Suitable initiators in the acrylic adhesive resin of the present invention can be widely known in the technical field and can be used without particular limitation. For example, acetophenone initiators, benzophenone initiators can be used. Initiator, propiophenone type starter, dibenzoyl type starter, bifunctional α-hydroxy ketone starter or acyl phosphine oxide type starter, etc. The aforementioned initiators may be used alone or in combination.

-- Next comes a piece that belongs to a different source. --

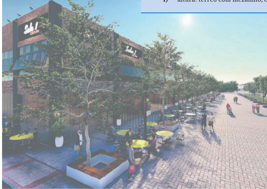
Novo estudo foi realizado pela Univates

In other embodiments of the present invention, additives such as antistatic agents, colorants, flame retardants, antibacterial agents, ultraviolet absorbers, antioxidants, and surface modifiers can also be added to the aforementioned acrylic adhesive resin as required.

Other optical functional layers, such as low-refractive layers, can also be selectively coated on the anti-glare film of the present invention to provide anti-reflection properties.

The preparation method of the anti-glare film of the present invention comprises: in the (meth)acrylate composition, a polyurethane (meth)acrylate oligomer with a functionality of 6 to 15, a (meth)acrylate with a functionality of not less than 3 (methyl) Acrylate monomer, (meth)acrylate monomer with functionality less than 3 and initiator are mixed with appropriate solvent to form a solution of acrylic adhesive resin; organic microparticles are added to the solution of acrylic adhesive resin and silicon dioxide nanoparticles, leveling agent, additives and organic solvents, etc., mix uniformly to form an anti-glare solution; take the anti-glare solution and coat it on the transparent substrate, and the anti-glare solution coated on the transparent substrate is dried Then, a cured anti-glare hard coating is formed on the transparent substrate after radiation curing or electron beam curing to obtain an anti-glare film.

The solvent used in the preparation method of the anti-glare film of the present invention can be an organic solvent commonly used in this technical field, such as ketones, aliphatic or cycloaliphatic hydrocarbons, aromatic hydrocarbons, ethers, esters, or alcohols, etc. One or more organic solvents can be used in the binder resin solution. Suitable solvents can be, for example, acetone, methyl ethyl ketone, cyclohexanone, methyl isobutyl ketone, hexane, cyclohexane, dichloromethane, dichloromethane Ethyl chloride, toluene, xylene, propylene glycol methyl ether, methyl acetate, ethyl acetate, propyl acetate, butyl acetate, isopropanol, n-butanol, isobutanol, cyclohexanol, diacetone alcohol, propylene glycol Methyl ether acetate or tetrahydrofuran or the like or the like, but not limited thereto.

The aforementioned method of coating the anti-glare solution can be adopted, such as roll coating method, blade coating method, dip coating method, roll coating method, spin coating method, slit coating method, etc., which are commonly used in this technical field. coating method.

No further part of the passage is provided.